THE TASK>
For each entry, restate it word for word while omitting any image it holds.

RECORDS TO USE>

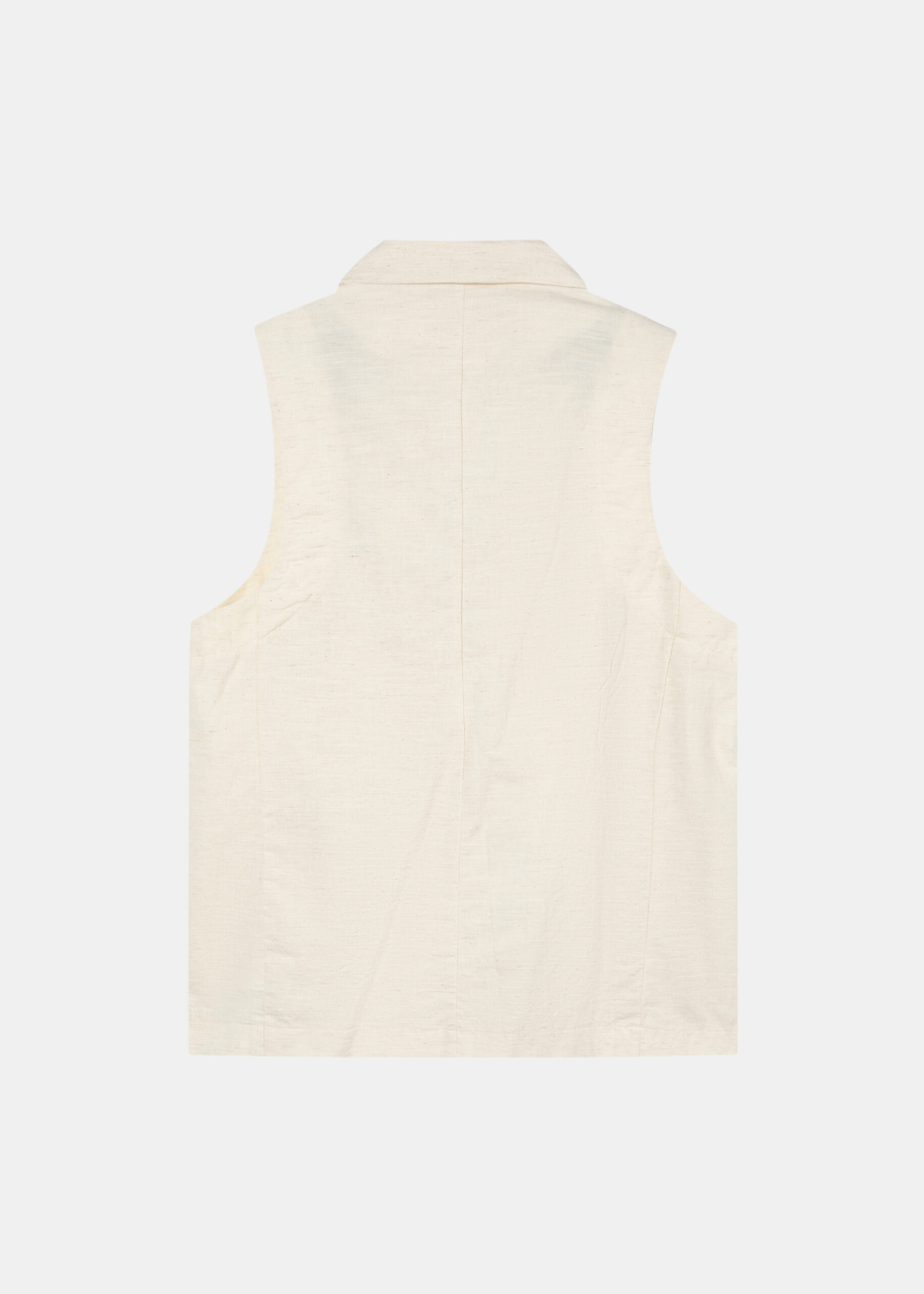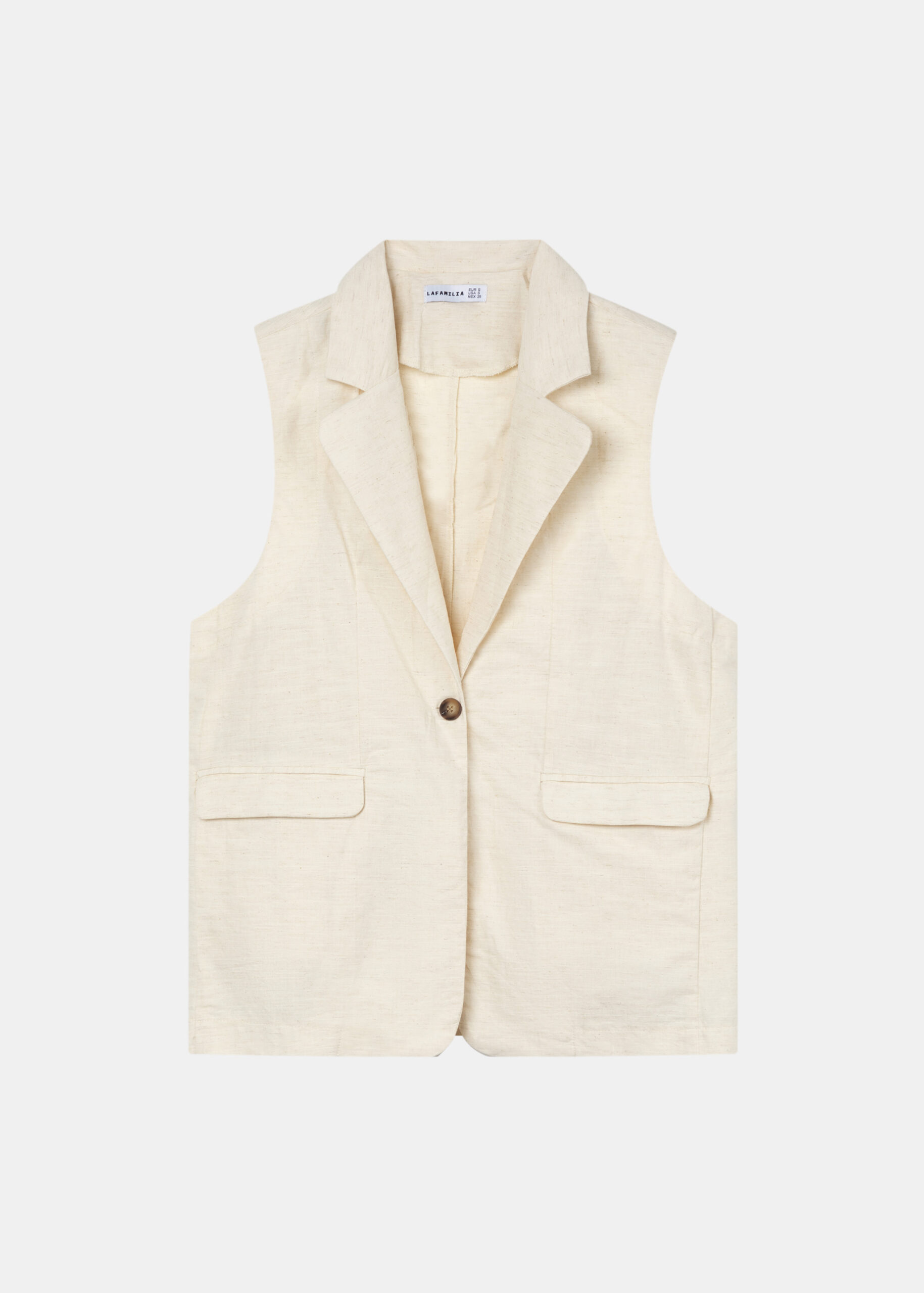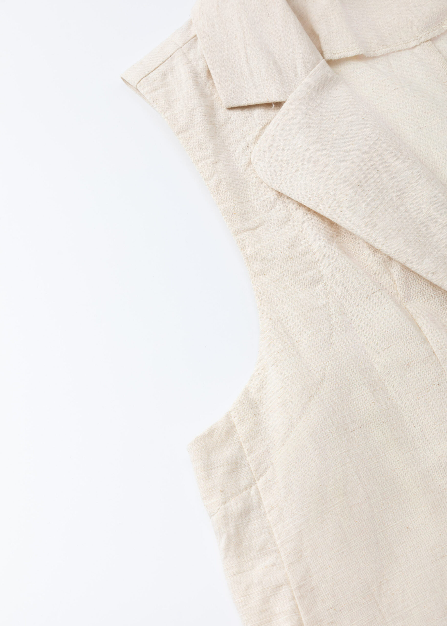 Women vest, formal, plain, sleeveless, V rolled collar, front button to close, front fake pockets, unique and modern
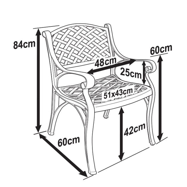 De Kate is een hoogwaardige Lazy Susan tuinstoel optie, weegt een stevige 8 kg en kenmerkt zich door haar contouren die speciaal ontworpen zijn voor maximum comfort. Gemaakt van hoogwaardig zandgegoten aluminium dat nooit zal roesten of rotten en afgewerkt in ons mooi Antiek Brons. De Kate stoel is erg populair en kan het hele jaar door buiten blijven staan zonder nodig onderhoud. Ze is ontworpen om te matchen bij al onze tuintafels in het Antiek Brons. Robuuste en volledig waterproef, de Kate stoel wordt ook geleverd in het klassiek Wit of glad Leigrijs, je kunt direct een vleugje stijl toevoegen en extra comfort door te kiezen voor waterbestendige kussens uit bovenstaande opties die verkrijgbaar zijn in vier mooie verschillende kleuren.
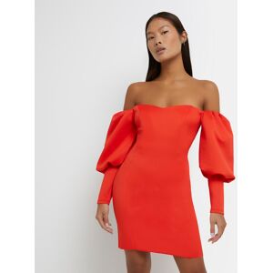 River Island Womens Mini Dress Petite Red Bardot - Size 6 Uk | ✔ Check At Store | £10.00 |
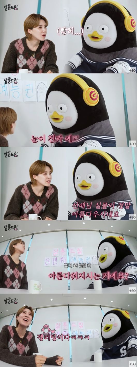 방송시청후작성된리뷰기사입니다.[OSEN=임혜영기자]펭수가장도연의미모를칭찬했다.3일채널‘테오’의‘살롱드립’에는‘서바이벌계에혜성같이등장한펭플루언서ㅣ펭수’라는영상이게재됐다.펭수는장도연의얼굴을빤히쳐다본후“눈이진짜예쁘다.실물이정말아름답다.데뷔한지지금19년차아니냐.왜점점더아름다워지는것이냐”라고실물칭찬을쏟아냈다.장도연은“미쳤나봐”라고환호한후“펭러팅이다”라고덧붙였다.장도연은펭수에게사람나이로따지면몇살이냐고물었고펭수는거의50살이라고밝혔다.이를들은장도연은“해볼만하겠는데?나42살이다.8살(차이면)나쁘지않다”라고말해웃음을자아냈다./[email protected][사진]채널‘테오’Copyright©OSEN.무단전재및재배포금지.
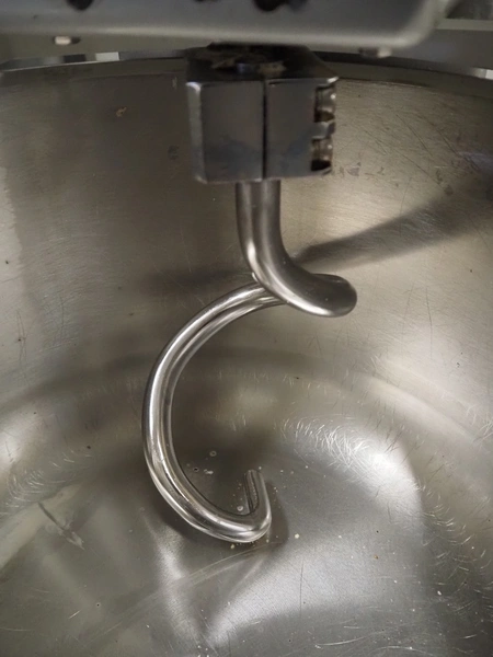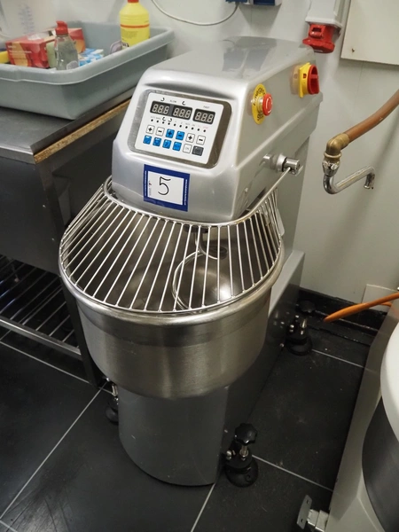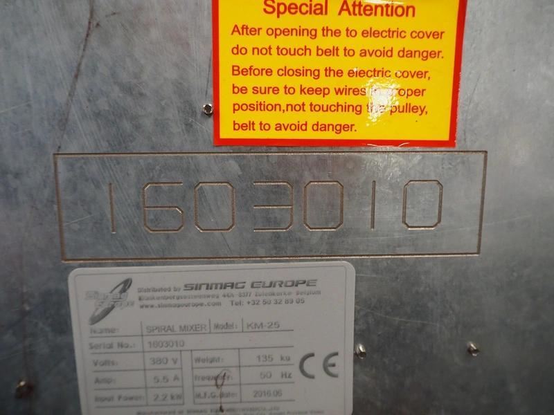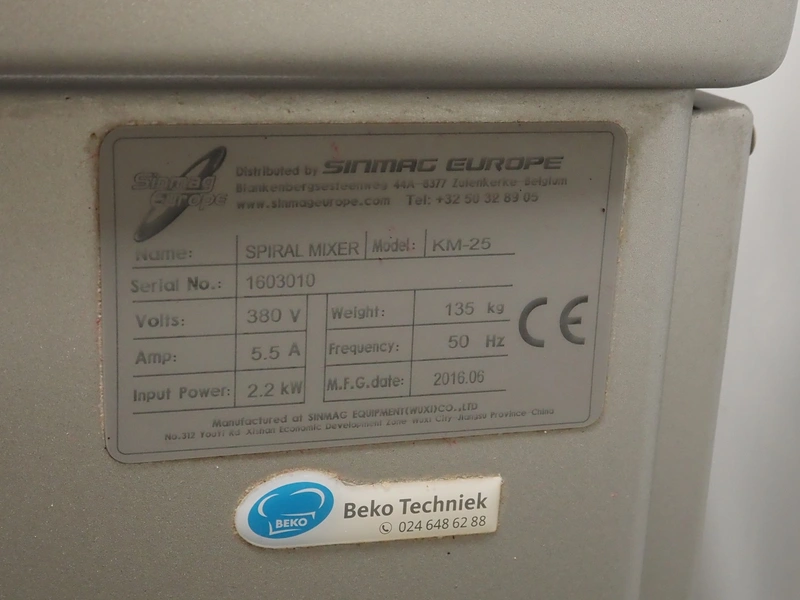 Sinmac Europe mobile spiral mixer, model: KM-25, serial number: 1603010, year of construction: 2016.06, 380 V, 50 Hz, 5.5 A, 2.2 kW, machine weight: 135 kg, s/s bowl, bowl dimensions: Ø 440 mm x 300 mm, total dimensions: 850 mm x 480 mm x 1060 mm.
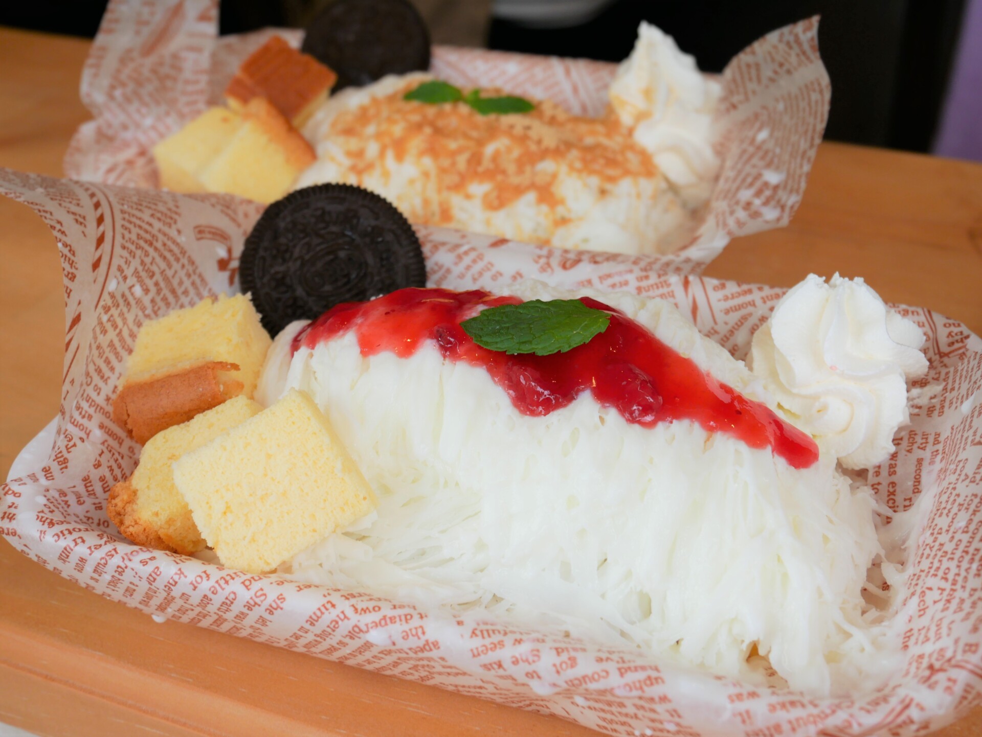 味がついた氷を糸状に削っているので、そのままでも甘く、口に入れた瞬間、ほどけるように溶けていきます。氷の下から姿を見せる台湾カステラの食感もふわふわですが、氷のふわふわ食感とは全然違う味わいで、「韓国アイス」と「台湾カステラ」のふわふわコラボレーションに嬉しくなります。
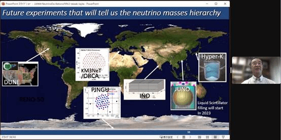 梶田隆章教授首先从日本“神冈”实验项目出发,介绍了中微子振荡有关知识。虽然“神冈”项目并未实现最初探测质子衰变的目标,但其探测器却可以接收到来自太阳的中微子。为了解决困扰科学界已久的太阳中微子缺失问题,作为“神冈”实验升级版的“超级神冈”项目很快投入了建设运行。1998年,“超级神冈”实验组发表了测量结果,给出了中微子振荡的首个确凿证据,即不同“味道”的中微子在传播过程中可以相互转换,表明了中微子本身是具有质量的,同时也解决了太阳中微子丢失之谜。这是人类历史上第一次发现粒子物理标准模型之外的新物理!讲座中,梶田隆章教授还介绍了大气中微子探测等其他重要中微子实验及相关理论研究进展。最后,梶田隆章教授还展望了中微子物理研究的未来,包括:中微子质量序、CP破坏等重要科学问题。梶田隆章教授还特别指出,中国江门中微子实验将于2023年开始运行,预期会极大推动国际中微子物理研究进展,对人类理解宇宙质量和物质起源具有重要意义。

ANSWER TO THIS TASK>
 Women vest, formal, plain, sleeveless, V rolled collar, front button to close, front fake pockets, unique and modern
 De Kate is een hoogwaardige Lazy Susan tuinstoel optie, weegt een stevige 8 kg en kenmerkt zich door haar contouren die speciaal ontworpen zijn voor maximum comfort. Gemaakt van hoogwaardig zandgegoten aluminium dat nooit zal roesten of rotten en afgewerkt in ons mooi Antiek Brons. De Kate stoel is erg populair en kan het hele jaar door buiten blijven staan zonder nodig onderhoud. Ze is ontworpen om te matchen bij al onze tuintafels in het Antiek Brons. Robuuste en volledig waterproef, de Kate stoel wordt ook geleverd in het klassiek Wit of glad Leigrijs, je kunt direct een vleugje stijl toevoegen en extra comfort door te kiezen voor waterbestendige kussens uit bovenstaande opties die verkrijgbaar zijn in vier mooie verschillende kleuren.
 River Island Womens Mini Dress Petite Red Bardot - Size 6 Uk | ✔ Check At Store | £10.00 |
 방송시청후작성된리뷰기사입니다.[OSEN=임혜영기자]펭수가장도연의미모를칭찬했다.3일채널‘테오’의‘살롱드립’에는‘서바이벌계에혜성같이등장한펭플루언서ㅣ펭수’라는영상이게재됐다.펭수는장도연의얼굴을빤히쳐다본후“눈이진짜예쁘다.실물이정말아름답다.데뷔한지지금19년차아니냐.왜점점더아름다워지는것이냐”라고실물칭찬을쏟아냈다.장도연은“미쳤나봐”라고환호한후“펭러팅이다”라고덧붙였다.장도연은펭수에게사람나이로따지면몇살이냐고물었고펭수는거의50살이라고밝혔다.이를들은장도연은“해볼만하겠는데?나42살이다.8살(차이면)나쁘지않다”라고말해웃음을자아냈다./[email protected][사진]채널‘테오’Copyright©OSEN.무단전재및재배포금지.
 Sinmac Europe mobile spiral mixer, model: KM-25, serial number: 1603010, year of construction: 2016.06, 380 V, 50 Hz, 5.5 A, 2.2 kW, machine weight: 135 kg, s/s bowl, bowl dimensions: Ø 440 mm x 300 mm, total dimensions: 850 mm x 480 mm x 1060 mm.
 味がついた氷を糸状に削っているので、そのままでも甘く、口に入れた瞬間、ほどけるように溶けていきます。氷の下から姿を見せる台湾カステラの食感もふわふわですが、氷のふわふわ食感とは全然違う味わいで、「韓国アイス」と「台湾カステラ」のふわふわコラボレーションに嬉しくなります。
 梶田隆章教授首先从日本“神冈”实验项目出发,介绍了中微子振荡有关知识。虽然“神冈”项目并未实现最初探测质子衰变的目标,但其探测器却可以接收到来自太阳的中微子。为了解决困扰科学界已久的太阳中微子缺失问题,作为“神冈”实验升级版的“超级神冈”项目很快投入了建设运行。1998年,“超级神冈”实验组发表了测量结果,给出了中微子振荡的首个确凿证据,即不同“味道”的中微子在传播过程中可以相互转换,表明了中微子本身是具有质量的,同时也解决了太阳中微子丢失之谜。这是人类历史上第一次发现粒子物理标准模型之外的新物理!讲座中,梶田隆章教授还介绍了大气中微子探测等其他重要中微子实验及相关理论研究进展。最后,梶田隆章教授还展望了中微子物理研究的未来,包括:中微子质量序、CP破坏等重要科学问题。梶田隆章教授还特别指出,中国江门中微子实验将于2023年开始运行,预期会极大推动国际中微子物理研究进展,对人类理解宇宙质量和物质起源具有重要意义。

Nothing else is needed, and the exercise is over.